# [Problem details]
Return the full listing character for character, without its pictures.

# [Data below]
--*--
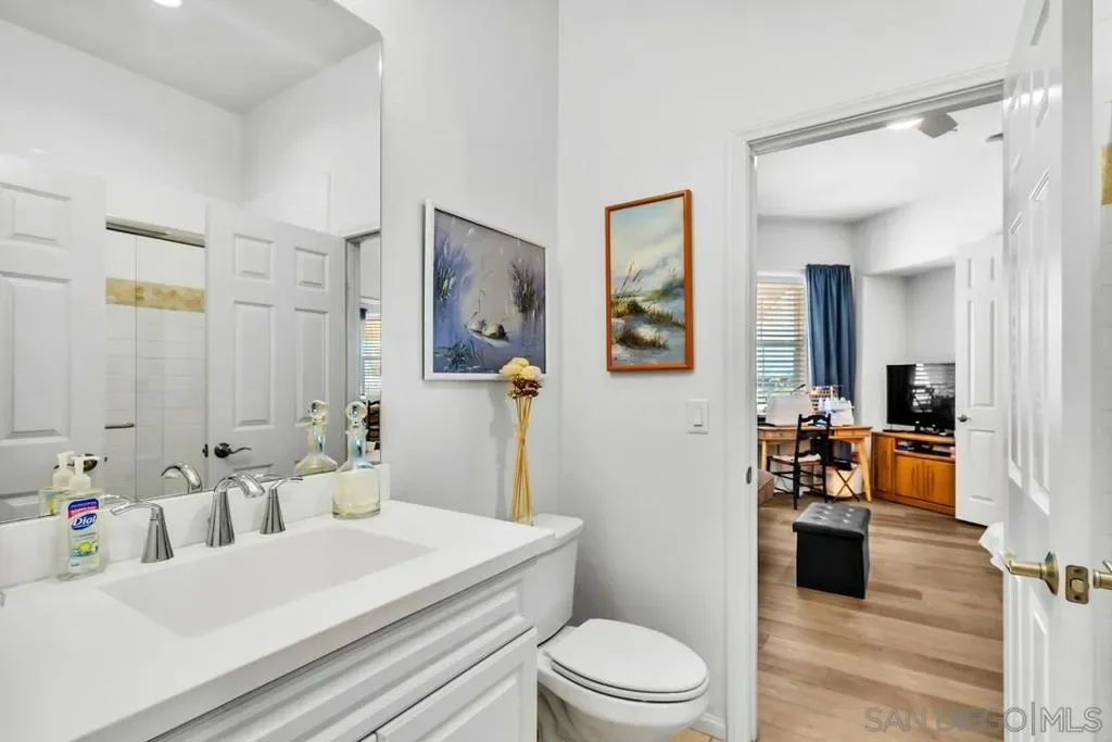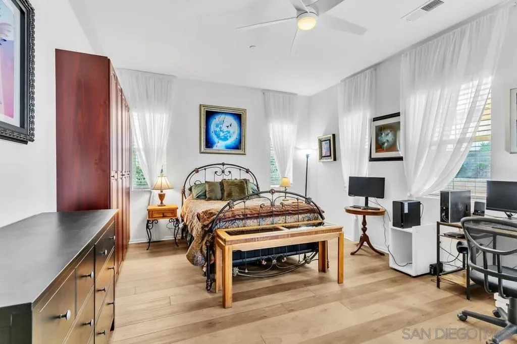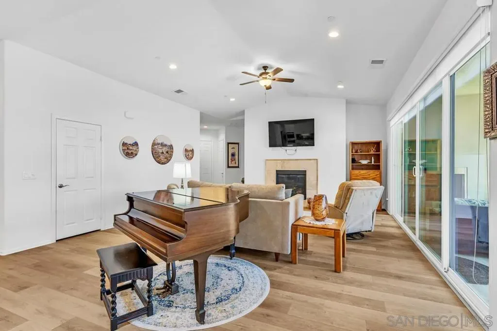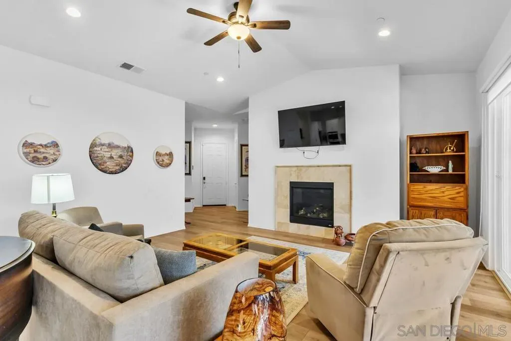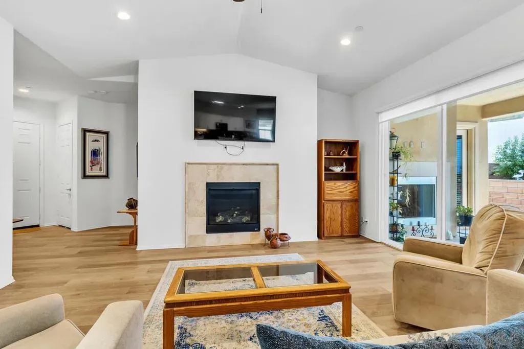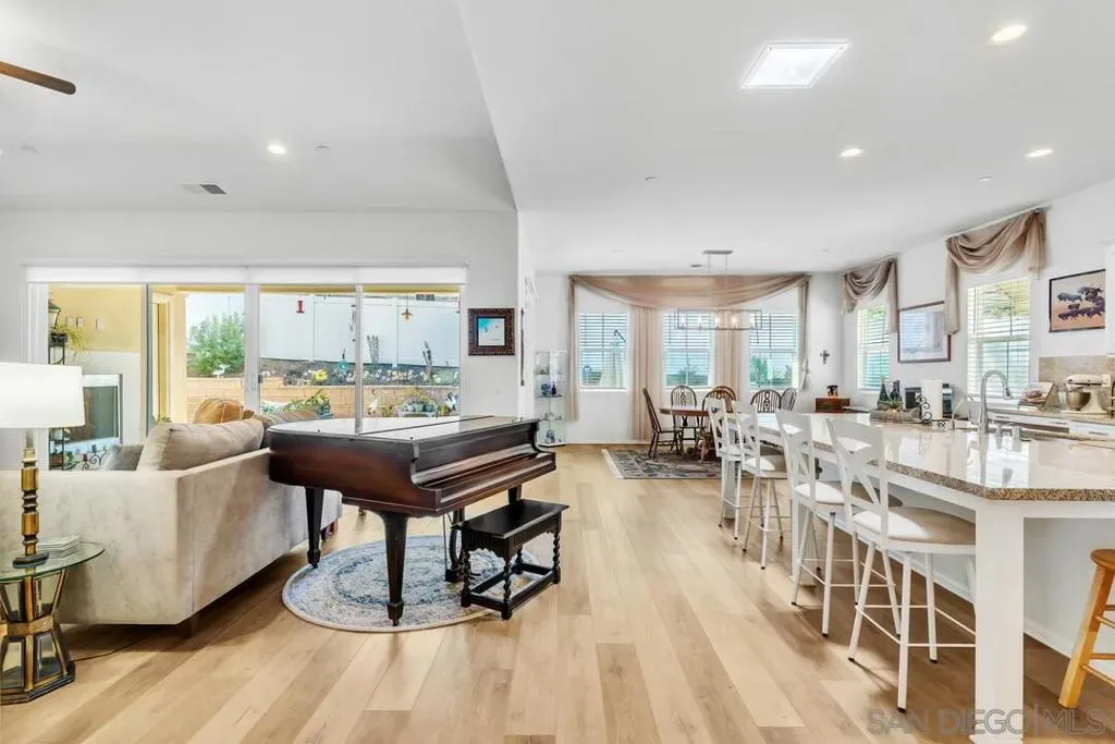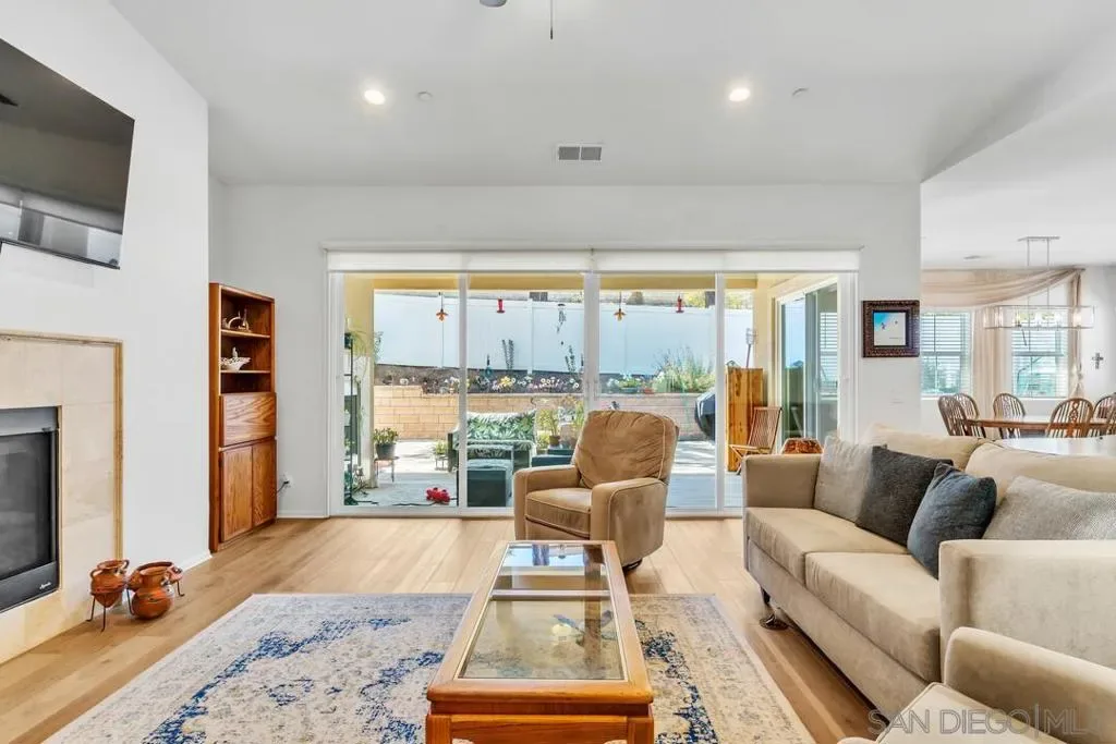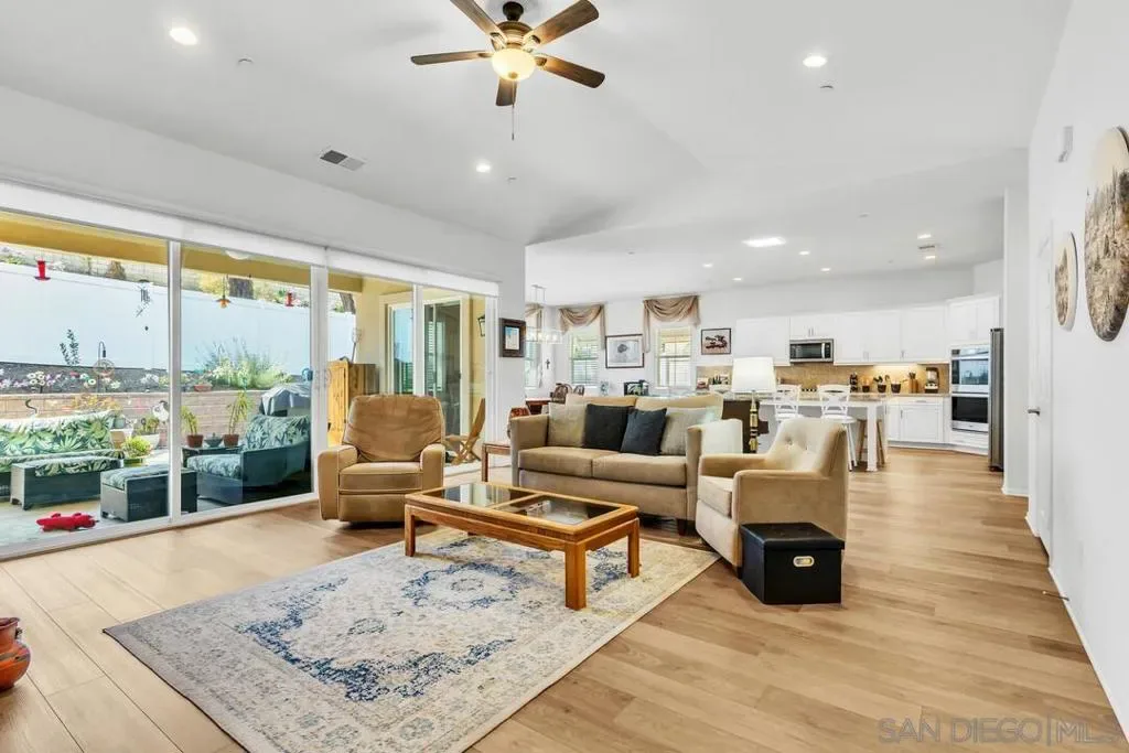 Location, Location, Location! Welcome to 1949 Estancia Pl, a single-level gem featuring 2,615 sqft of living space with 4 bedrooms and 3 bathrooms, perfectly situated at the end of a quiet cul-de-sac in a private South Escondido neighborhood. Built in 2019, this home is incredibly spacious with a seamless, intuitive floorplan. THE FLOW… Upon entry, you are immediately greeted by high ceilings that draw your eyes through the main living area to the expansive kitchen. To your right, a versatile bedroom flexes nicely as a home office with direct bathroom access. In fact, every bedroom in this home has direct access to a bathroom! The primary suite is a true retreat, tucked away at the south end of the home with an ensuite bath, walk-in closet, and a private entrance to the backyard. The heart of the home is the spacious living room, featuring a cozy fireplace and massive sliding doors that lead to a signature California Room—complete with a second fireplace for cool evenings. The kitchen is massive, boasting an oversized island with extra seating, plentiful cabinetry, and a walk-in pantry. Perfectly adjacent is the dining area, which also opens to the California Room. On the opposite side of the kitchen, a hallway leads to the laundry room, the 3-car tandem garage, and the remaining secondary bedrooms at the north end. OUTDOOR LIVING… The backyard is private featuring beautiful retaining walls, fruit trees, lush landscaping, and a relaxing spa. Take advantage of PAID SOLAR and the gated RV parking on the south boundary. Modern, private, and just 5 minutes from the fwy!
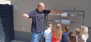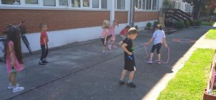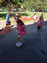 Uporedo sa našim radom sa kanapima u školskom dvorištu deca vežbaju da preskaču vijaču. Videvši ovo dolazimo na ideju da pozovemo jednu devojčicu da nam pokaže kako se to radi.
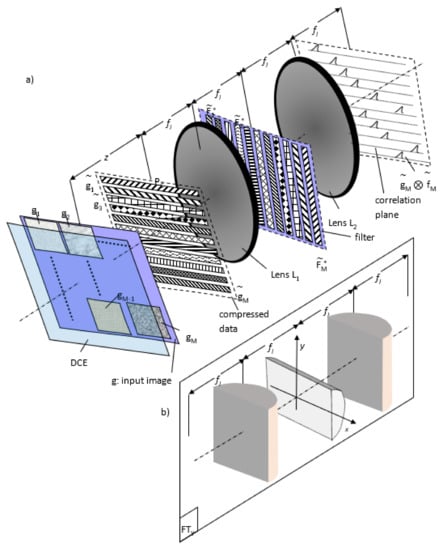 After compressing the input images by means of a multi-faceted diffractive compressing element (DCE), a two-dimensional Fourier transform is performed by means of a spherical lens L1 (Figure 5). Then, the resulting spectra are replicated by a subsystem similar to that of Figure 4. Each replica of one spectrum is multiplied by one one-dimensional pattern from the filter bank to . The correlation product, observed in the focal plane of the spherical lens L2, contains the Fourier transforms of all the products: …, .
--*--
# [Exercise response]
 Location, Location, Location! Welcome to 1949 Estancia Pl, a single-level gem featuring 2,615 sqft of living space with 4 bedrooms and 3 bathrooms, perfectly situated at the end of a quiet cul-de-sac in a private South Escondido neighborhood. Built in 2019, this home is incredibly spacious with a seamless, intuitive floorplan. THE FLOW… Upon entry, you are immediately greeted by high ceilings that draw your eyes through the main living area to the expansive kitchen. To your right, a versatile bedroom flexes nicely as a home office with direct bathroom access. In fact, every bedroom in this home has direct access to a bathroom! The primary suite is a true retreat, tucked away at the south end of the home with an ensuite bath, walk-in closet, and a private entrance to the backyard. The heart of the home is the spacious living room, featuring a cozy fireplace and massive sliding doors that lead to a signature California Room—complete with a second fireplace for cool evenings. The kitchen is massive, boasting an oversized island with extra seating, plentiful cabinetry, and a walk-in pantry. Perfectly adjacent is the dining area, which also opens to the California Room. On the opposite side of the kitchen, a hallway leads to the laundry room, the 3-car tandem garage, and the remaining secondary bedrooms at the north end. OUTDOOR LIVING… The backyard is private featuring beautiful retaining walls, fruit trees, lush landscaping, and a relaxing spa. Take advantage of PAID SOLAR and the gated RV parking on the south boundary. Modern, private, and just 5 minutes from the fwy!
 Uporedo sa našim radom sa kanapima u školskom dvorištu deca vežbaju da preskaču vijaču. Videvši ovo dolazimo na ideju da pozovemo jednu devojčicu da nam pokaže kako se to radi.
 After compressing the input images by means of a multi-faceted diffractive compressing element (DCE), a two-dimensional Fourier transform is performed by means of a spherical lens L1 (Figure 5). Then, the resulting spectra are replicated by a subsystem similar to that of Figure 4. Each replica of one spectrum is multiplied by one one-dimensional pattern from the filter bank to . The correlation product, observed in the focal plane of the spherical lens L2, contains the Fourier transforms of all the products: …, .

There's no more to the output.